In a move that is hopefully invisible to most Lab staff, ITSD has been moving NT4 Master Domain file and print sharing accounts to a new Microsoft Active Directory environment, with the goal of retiring the current NT4 domain by the end of 2004. Windows NT4 is approaching its end of life, NT4 workstations this year and NT4 servers at the end of 2004. More than 80 users have been migrated to Active Directory during the first four months of a highly successful trial deployment.

The move is expected to reduce costs and improve security for users of the systems. Active Directory provides an upgrade path for scientific customers currently using Windows NT4 for file and print sharing. CITG plans to offer a more seamless connection between the Novell eDirectory and Windows Active Directory environments the future, allowing for single username and password between the two systems.

The Active Directory upgrade offers a parallel infrastructure to the existing Novell eDirectory infrastructure to Lab. The Novell infrastructure will continue to be the primary file and print service at the Lab, providing centralized home directories, printing and application distribution for the foreseeable future.

Current plans call for converting individual user accounts on the NT4 master domain as staff in the Mac/PC Support Group (MPSG) are able to identify and make contact with users. The conversion procedure takes less than 30 minutes. Beginning August 1st, CITG only creates new NT4 domain accounts for people with a required need to access NT4 domain information. Those not needing this access will be given an Active Directory account when requesting a domain account.

More complex conversions involving customer-maintained NT4 domains will occur during the next year. The initial focus of these domain migrations has been in Calvin Lab (Physical Biosciences) and Earth Sciences. Current domain administrators will continue to do their work as organizational unit (OU) administrators in Active Directory. An introductory one-day OU management and conversion class has been developed for ITSD support staff and administrators of NT4 environments that want to move forward.

Active Directory represents a cost savings to divisions with their own NT4 infrastructure. Domain controllers will be maintained by ITSD. Windows Active Directory integration with DNS has been configured for the Lab environment. Customers only have to concern themselves with the application and file servers used to support their business.
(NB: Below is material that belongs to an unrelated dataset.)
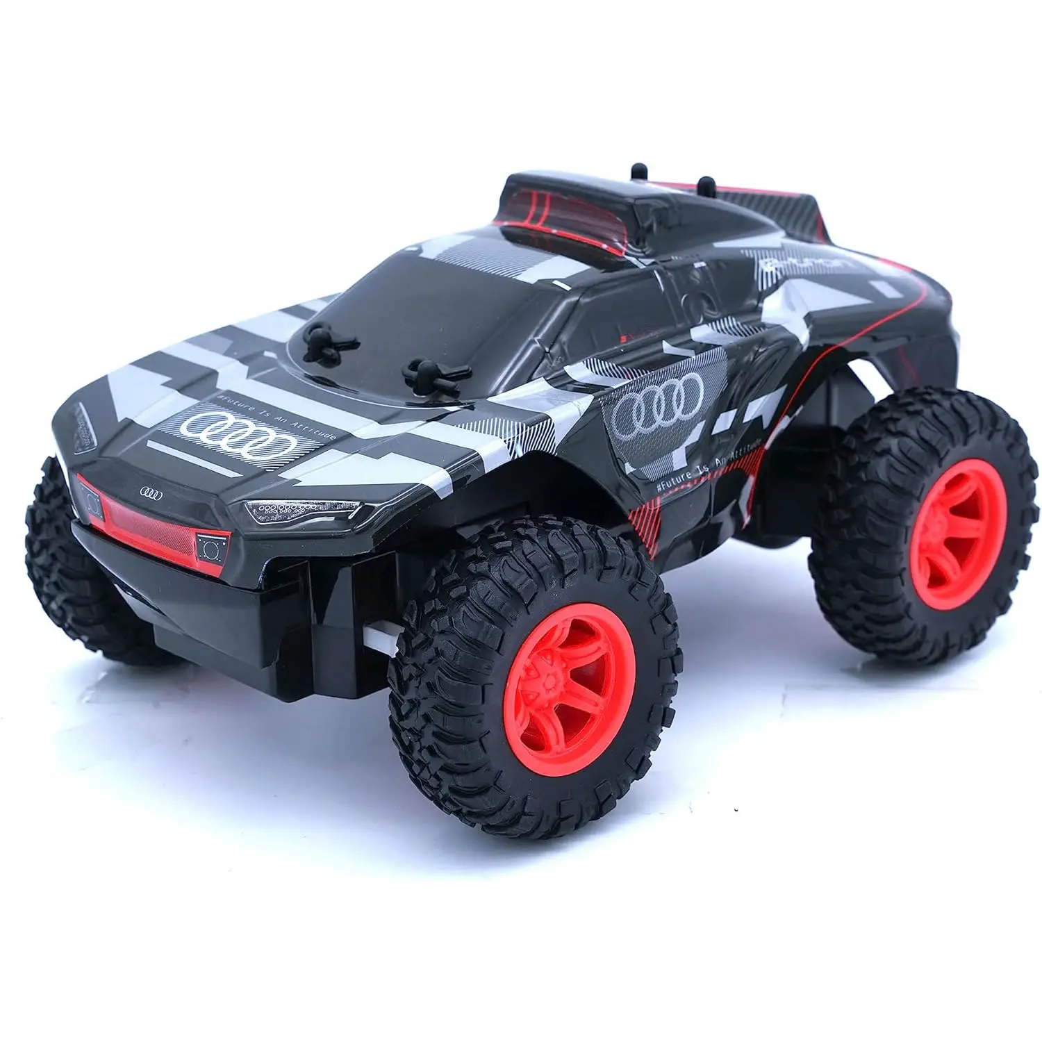 -Caratteristiche: L’Audi RS Q e-tron è un veicolo radiocomandato con una scocca in lexan (un tipo di plastica trasparente e resistente) e ruote morbide. Queste caratteristiche contribuiscono a una maggiore durata e ad un’esperienza di guida più realistica.

In addition, central support of Active Directory means that the ITSD Help Desk will be able to establish accounts and reset passwords for user, relieving local system administration staff of the burden of these routine jobs.

Finally, with the completion of the Termination Notification System (TNS) rollout, Active Directory accounts can be included in the notification process, improving cyber security by insuring the timely disabling and deleting of accounts for departing staff.

One change that is based more on security policy rather than the conversion to Active Directory involves the use of complex passwords. The Active Directory environment has been set up to require complex passwords (eight or more characters, including upper and lower case letters, numbers and/or special characters). See the Password Guidelines Web page for guidance.